Why Prosecutors Shouldn’t Tweet: The Lesson Of Bill Cosby

Libel, imprisonment, or execution: where prosecution is the public concern, the game of social-media Russian roulette is as random as it is dangerous. Ultimately, a defendant’s fate may be determined by a tweet or a Facebook post. Innocence, guilt, these are only trifling concerns.

Just so with Bill Cosby, whose lawyers filed a motion this week objecting to his renewed prosecution, on the basis that a ten-year delay in criminal charges violated his right to a fair trial.
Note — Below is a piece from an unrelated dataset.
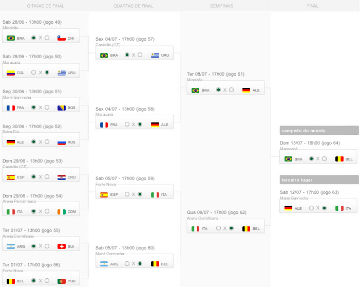Il nostro punto di riferimento per le grafiche di questa pagina è il sito sportivo brasiliano Globoesporte.com, sperando che non ci mandino gli sgherri a casa per aver saccheggiato selvaggiamente dalle loro pagine: il punto è che hanno un simulatore strafigo (basta cliccare in alto a destra su “ativar simulador” – hanno spesso simulatori del genere, in queste occasioni – che noi non siamo neppure lontanamente in grado di riprodurre tecnicamente, e che ci permette di visualizzare l’andamento del Mondiale a seconda dell’esito della fase a gironi e poi delle varie eliminatorie.
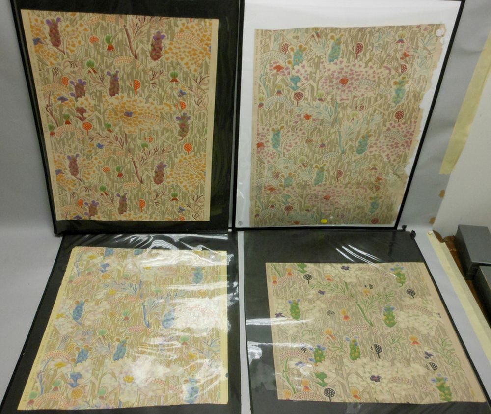 Description: Four framed art work with a variety of designs on them.

Cosby’s objection is one that may become more common, as his defense team and other attorneys acclimate to a persecutory social media climate uninterested in careful inquiry.

Ideally, in situations like this case, prosecutors will abide by the ethical canon that forbids public statements “likely to increase public condemnation of the accused.” In practice, this ethical restraint is seldom exercised.

The solution is for state, city, and federal prosecutors’ offices to institute bans barring their attorneys from using social media.

Why the absoluteness of a complete ban? For the same reason Batson strikes and Brady violations exist: to stack juries based on race, hide evidence from the defense, or taint the public’s view so they’re incapable of objectivity, can irreversibly contaminate a courtroom. As Justice Robert Jackson aptly observed, “[t]he prosecutor has more control over life, liberty, and reputation than any other person in America.” That sort of power shouldn’t go unchecked.

Other figures, like judges, are severely limited in regards to political activity because of their institutional neutrality. But prosecutors aren’t neutral. Practically speaking, most chase the twin goals of winning elections and maintaining high conviction rates. When those goals overlap, justice may emerge stillborn.